Begitu perhatiannya Abah, saat perhelatan Pilwali Madiun 2018 lalu, sempat mengatakan akan mengirimkan pengawal dari Pelauw. “Nanti aku kirim enam orang dari Pelauw yaa ke Madiun, biar kawal dan jaga kamu Rif.”

”Tidak perlu Abah, in Syaa Allah di Madiun aman. Mohon do’anya saja semoga mendapat yang terbaik dari Allah,” jawab saya ketika itu. Tapi tetap saja ada dua orang yang didatangkan ke Madiun, meski bukan ditugaskan untuk mengawal.

Saya paham itu semua bentuk kasih sayang dan perhatiannya pada saya. Saya pun sudah merasa cukup mendapat bekal politik dari tokoh aktivis pergerakan yang dikenal oleh hampir semua tokoh partai politik nasional maupun Jatim.

Abah ini layaknya anak angkat dari Jenderal AH Nasution dan juga sangat dekat dengan tokoh muslim AM Fatwa, dan mantan Gubernur DKI Ali Sadikin. Ketiganya juga merupakan tokoh Petisi 50.

Ali Sadikin ini lah yang kemudian mengenalkan Abah dengan Abah Dahlan Iskan yang saat itu masih wartawan Tempo. Saat itu ada pertemuan di rumah Ali Sadikin tahun 1984. Semua Gubernur Jawa Timur sejak Mayjen Imam Utomo, Pakde Karwo hingga Bu Khofifah mengenal baik dan dekat dengan Jalil Latuconsina.
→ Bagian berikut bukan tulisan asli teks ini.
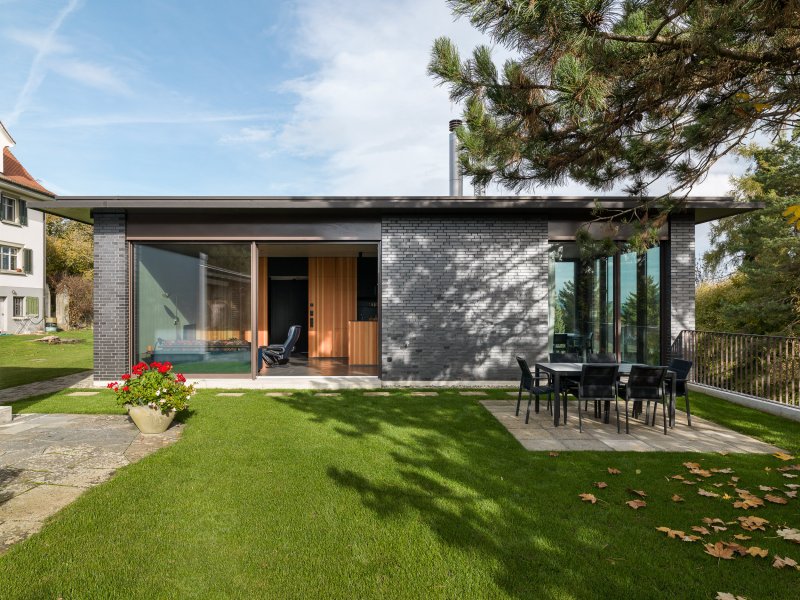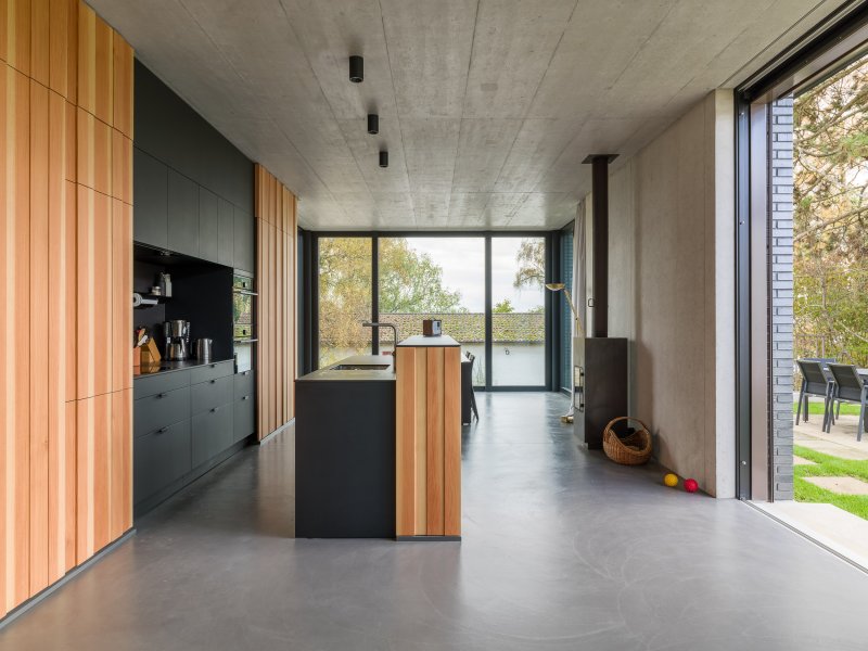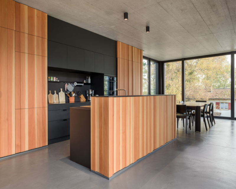 Die Wipf Schreinerei AG in Schaffhausen hat die Küche in Zusammenarbeit mit uns entworfen und gebaut. Es wurde darauf geachtet, dass die Küche nicht nur ins Gebäude integriert wird, sondern mit der Gebäudearchitektur verschmilzt. Zudem wurde explizit auf das Material Douglasie gesetzt, um die Massivität des Gebäudes zu brechen.

Setahu saya beberapa bulan sebelum Pilgub 2018, Bu Khofifah juga masih bicara via telepon dengan Abah.

Ia pun dijuluki “asisten intelijen Pangdam V/ Brawijaya” sepanjang masa, seperti dituturkan Kolonel Z, mantan Komandan Detasemen Intelijen.

Selamat jalan Abah…
Saya bersaksi Abah orang baik dan mulia hatinya.
In Syaa Allah husnul khotimah dan dimuliakan di sisi Allah SWT.